About this task
Starting at the line holding "Whereas Conventional construction" and finishing at the line holding "Volg de paadjes", transcribe the material exactly, keeping both ends but no pictures.

Entries provided
┌────────

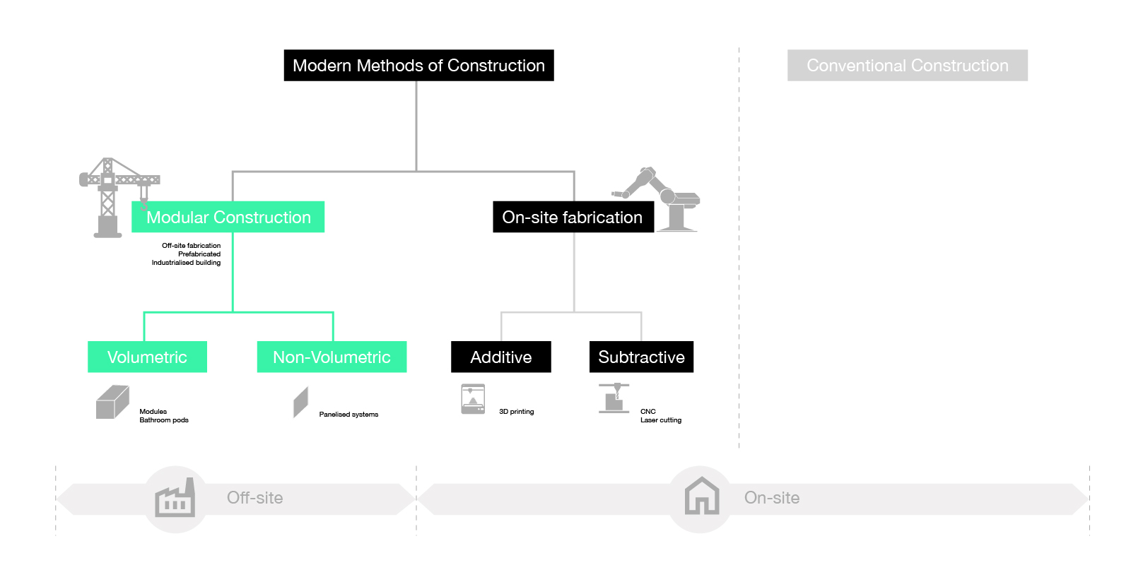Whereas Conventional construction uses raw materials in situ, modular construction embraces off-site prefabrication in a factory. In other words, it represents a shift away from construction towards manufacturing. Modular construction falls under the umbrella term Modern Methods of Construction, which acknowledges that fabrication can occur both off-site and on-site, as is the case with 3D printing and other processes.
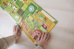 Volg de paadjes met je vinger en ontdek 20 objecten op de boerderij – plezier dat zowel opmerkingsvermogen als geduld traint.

└────────
┌────────

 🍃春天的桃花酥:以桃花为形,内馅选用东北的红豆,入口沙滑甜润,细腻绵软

└────────
┌────────

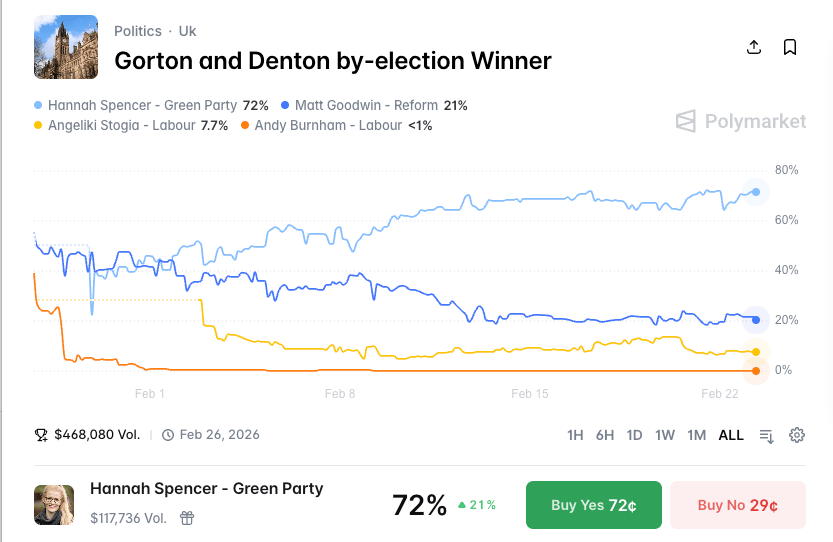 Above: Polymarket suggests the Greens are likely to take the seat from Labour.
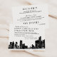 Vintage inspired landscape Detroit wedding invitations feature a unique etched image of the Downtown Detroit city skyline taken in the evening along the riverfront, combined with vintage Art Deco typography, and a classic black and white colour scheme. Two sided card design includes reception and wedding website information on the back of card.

└────────

Result
Whereas Conventional construction uses raw materials in situ, modular construction embraces off-site prefabrication in a factory. In other words, it represents a shift away from construction towards manufacturing. Modular construction falls under the umbrella term Modern Methods of Construction, which acknowledges that fabrication can occur both off-site and on-site, as is the case with 3D printing and other processes.
 Volg de paadjes met je vinger en ontdek 20 objecten op de boerderij – plezier dat zowel opmerkingsvermogen als geduld traint.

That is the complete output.